A primary concern for ECOWAS and the international community at large is that the coup will lead to a severe resurgence of violence, which could lead to mass migrations and a potential spread of the violence to Mali’s neighbors. Mali is already used as a staging ground for Jihadist attacks into the surrounding countries like Burkina Faso and Niger. Should the violence escalate to levels beyond where they currently stand due to the political crisis, an even more severe humanitarian calamity could be on the horizon. In the long term, this seriously threatens the unity and integrity of Mali as a viable state.
Conclusions:
Regardless of the legitimate criticisms of the Keita government, the coup was an act that will further destabilize a country that was already struggling to recover from the previous coup eight years prior. In a political, economic, and security sense, the coup has been damaging. Allegations of political corruption are worrying, but the usurpation of a democratic government at the hands of military leaders is all the more so. As stated by Seigle and Eizenga:
“While much is being made of the thousands of Malians who came into the streets to support the coup, how about the millions of Malians who have stayed home? Where is their voice and representation in this extra-constitutional action? That is what elections are supposed to determine”

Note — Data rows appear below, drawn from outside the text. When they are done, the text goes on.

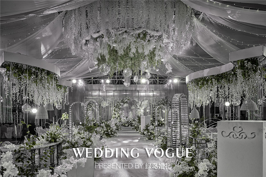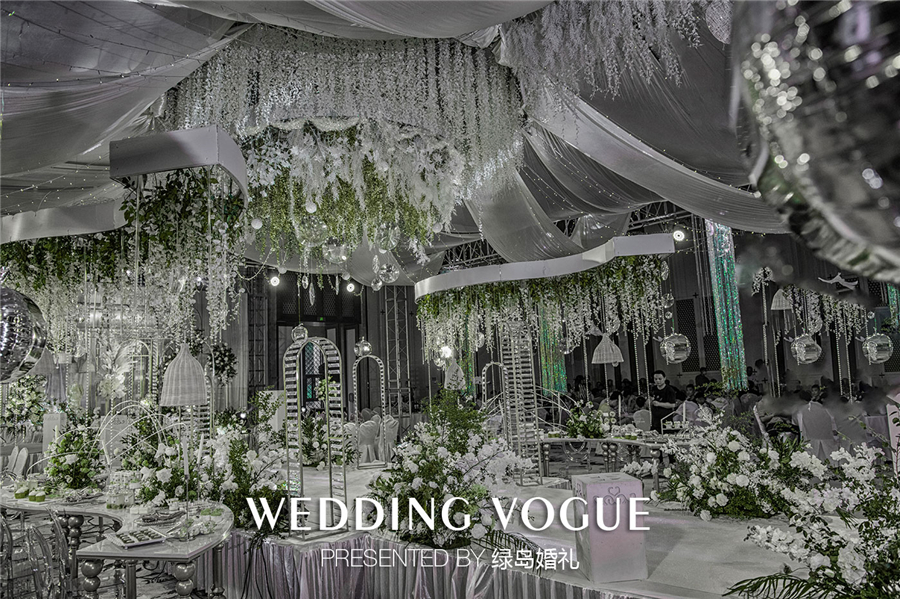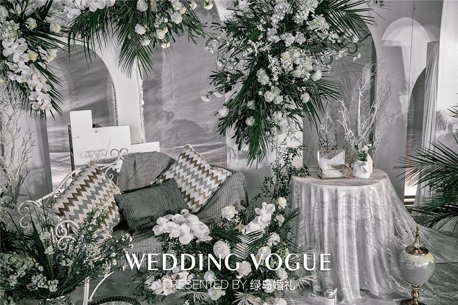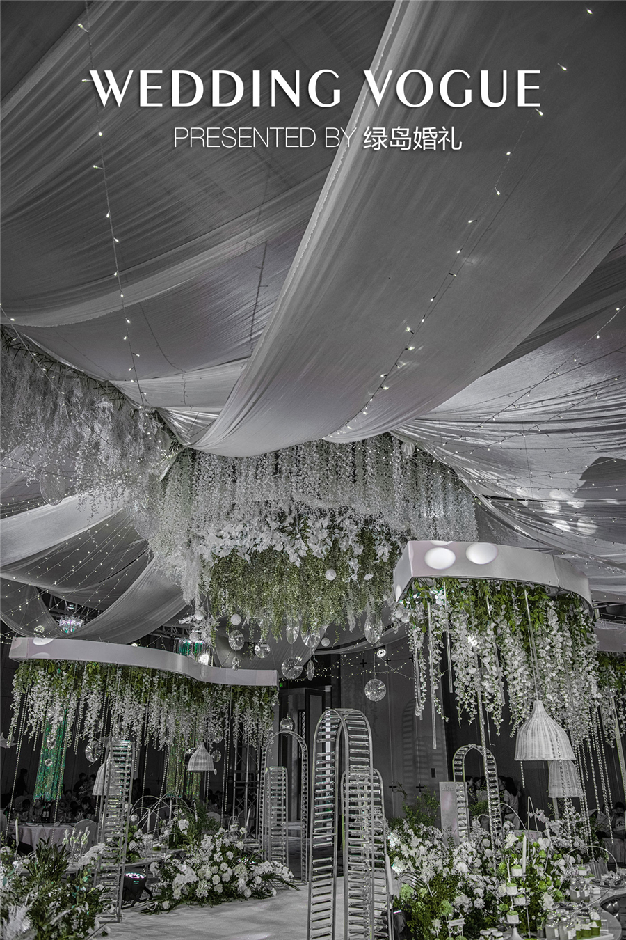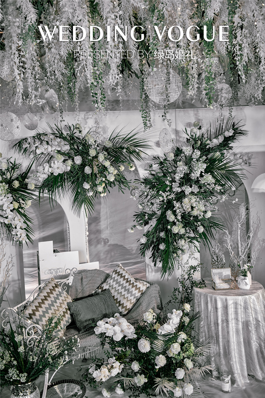 白绿经典色系加上铁艺幻境高雅精致的色调,融入相衬的花艺设计以打造多层次感,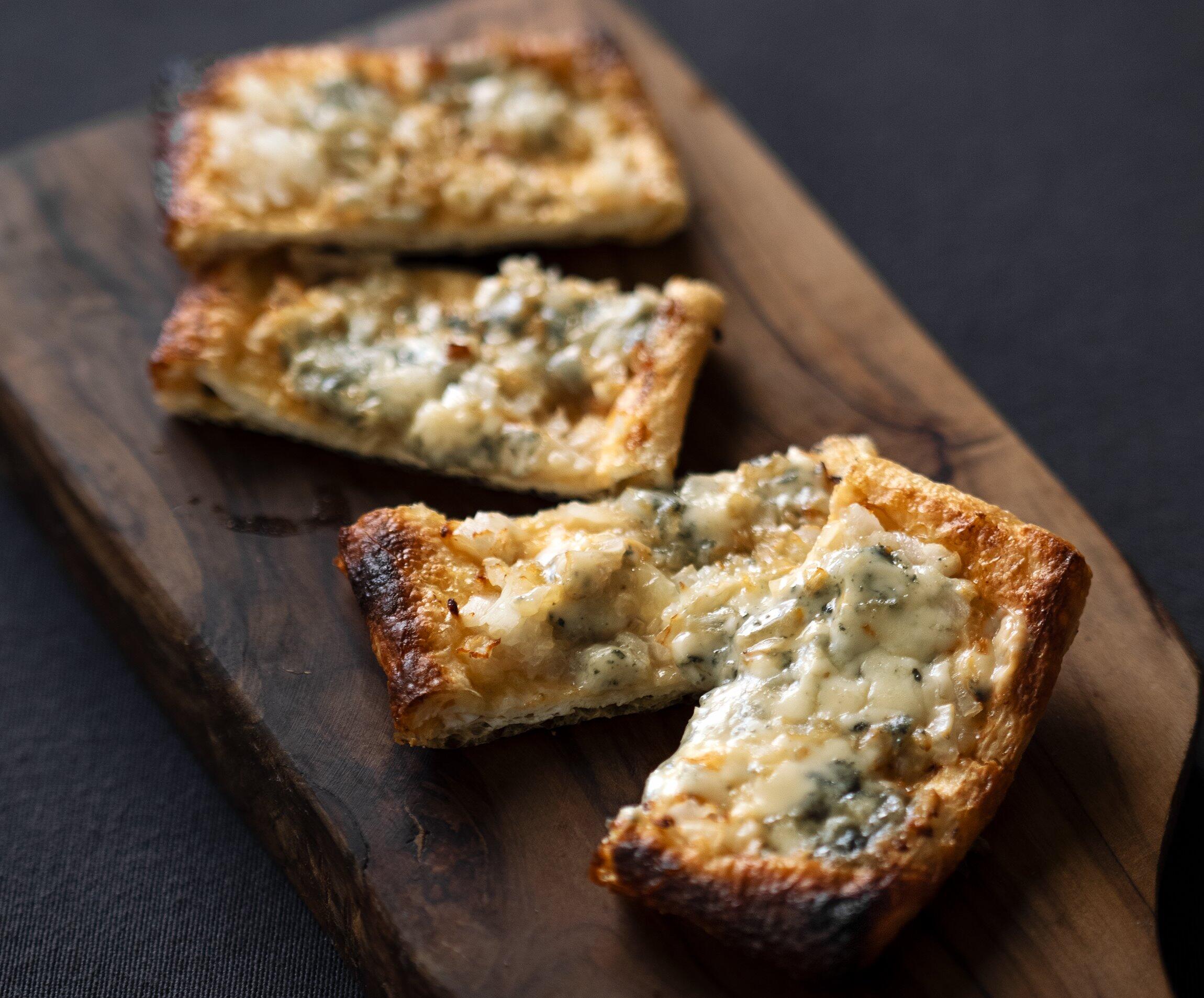 ヘルシーなピザ!“油揚げのオニオンブルーチーズ焼き”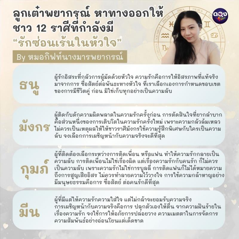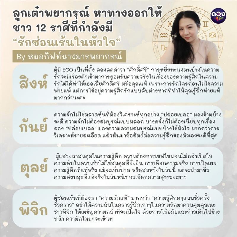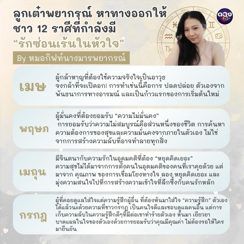 ยิ่งฉันใกล้เธอเท่าไหร่ ไม่อาจจะเผยใจ ยิ่งสบสายตาก็ยิ่งหวั่นไหว นั่นคือ ความลับในความรู้สึกที่ถูกซ่อนเอาไว้ เข้าใจดีว่าความรู้สึกสับสนในความสัมพันธ์นั้นทรมานใจเพียงใด โดยเฉพาะอย่างยิ่งเมื่อหัวใจกำลังมี “รักซ่อนเร้น” ความลับนี้เป็นเหมือนเงาที่ตามติด ซึ่งความรักที่ซ่อนเร้นนี้ ไม่ใช่การเป็นโลกใบที่สองของใครนะ แต่มันคือ ความรักที่ไม่กล้าบอกเขาว่าเรารู้สึกกับเขาอย่างไร ทำให้เราไม่สามารถมีความสุขได้อย่างเต็มที่ วันนี้ พี่หมอกิฟท์นางมารพยากรณ์ ใช้ศาสตร์การทำนายลูกเต๋าพยากรณ์” หรือ Astragalomancy เพื่อค้นหา “รากปัญหา” ของรักซ่อนเร้นในชาว 12 ราศี พร้อมมอบ กำลังใจ (Positive Mind) ให้เธอ คนเก่ง ก้าวผ่านไปได้อย่างเข้มแข็งที่สุดค่ะ เมื่อพร้อมแล้วมาดูคำทำนายกัน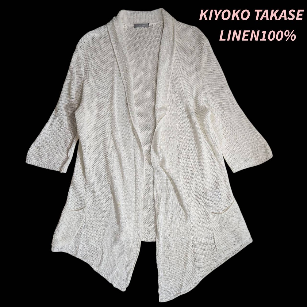 > K.T LINO 麻リネン100% ややロング丈 カーディガン 表記サイズ11号 L オフホワイト オープンフロント KIYOKO TAKASE 84847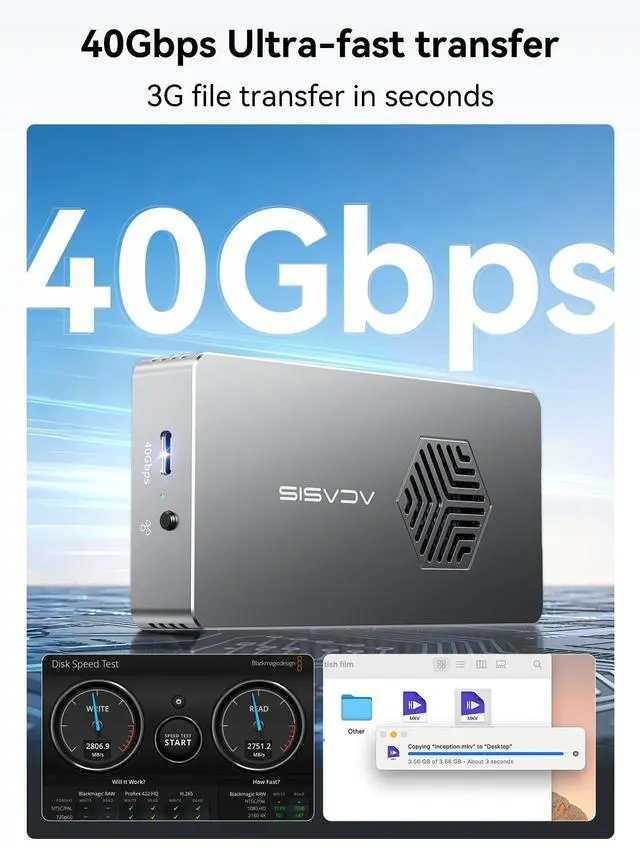 2 NVMe enclosure: 3GB 4K movie in 10s. Plug-and-play, no drivers. Works with Mac/MacBook/PS5 game console/Supports 2230/2242/2260/2280 SSDs (up to 8TB) for storage expansion & 4K/photo/file backup. ^^ Professional Aesthetics & Premium Quality Sleek metal exterior complements Mac devices, elevating your desktop setup. Aluminum alloy build + smart cooling fan ensures stable heavy-workload performance for designers, photographers, programmers. ^^ What you will get 1. Acasis 40Gbps M. 2 NVMe SSD enclosure 2. 40Gbps cable 3. User manual 4. 24-month warranty 5. Technical support ^^ Why can't I reach the expected speed? --Expected read/write speeds are 2500-3000Mbps due to the 18Gbps available bandwidth of the Dp signal.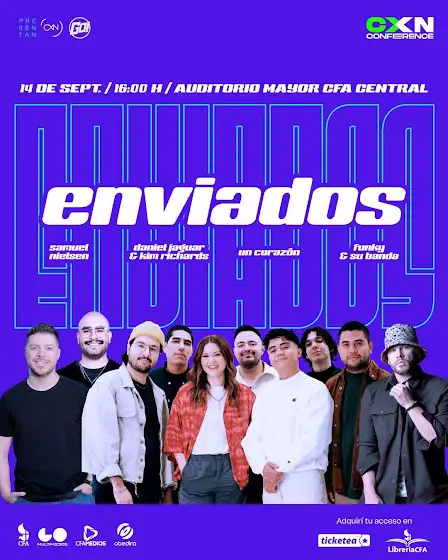 Conferencia anual de jóvenes de la iglesia CFA 🔥✝️¡ENVIADOS! 🌍 Mateo 28. 19-20En esta edición con la participación especial de: Kim Richards y Daniel Jaguar | Samuel NielsenFunky con toda su banda y la agrupación Un Corazón❤️🔥🗓️ Sábado 14 de septiembre⏰ 16:00📍Lugar: Auditorio mayor de CFA Central🚀 Accesos: Librería del CFA y Ticketea (cupos limitados).📲 Para más información y actualizaciones sobre la conferencia seguir las redes sociales de @goteenpy y @conexionpy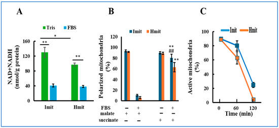 Loss of mitochondrial activity following exposure to extracellular medium: (A) Total NAD and NADH content in mitochondria incubated in either FBS or Tris-sucrose buffer. n = 5. *, p < 0.05; **, p < 0.01. (B) Percentage of mitochondria exhibiting membrane polarization in response to malate or succinate, measured before and after 60 min of incubation in FBS. n = 3 experiments; 50 mitochondria were analyzed per experiment. **, p < 0.01 vs. FBS(+) and malate(+); ##, p < 0.01 vs. Hmit under the same condition. (C) Time-dependent decrease in the percentage of mitochondria that could be polarized with succinate after incubation in FBS. The horizontal axis represents the incubation time in FBS.

The action of ECOWAS and the international community have shown that, in certain circumstances, external pressure can significantly determine the direction of internal dynamics. This may play no small part in preventing future military or militia leaders from carrying out similar actions to the August coup. Regional stability is and should be the focus. Moving forward, international political and economic support, and continued humanitarian aid, is crucial for the new administration to succeed. ECOWAS must further use that leverage to ensure the interim government’s compliance for the goodwill of the Malian people and the international regional community.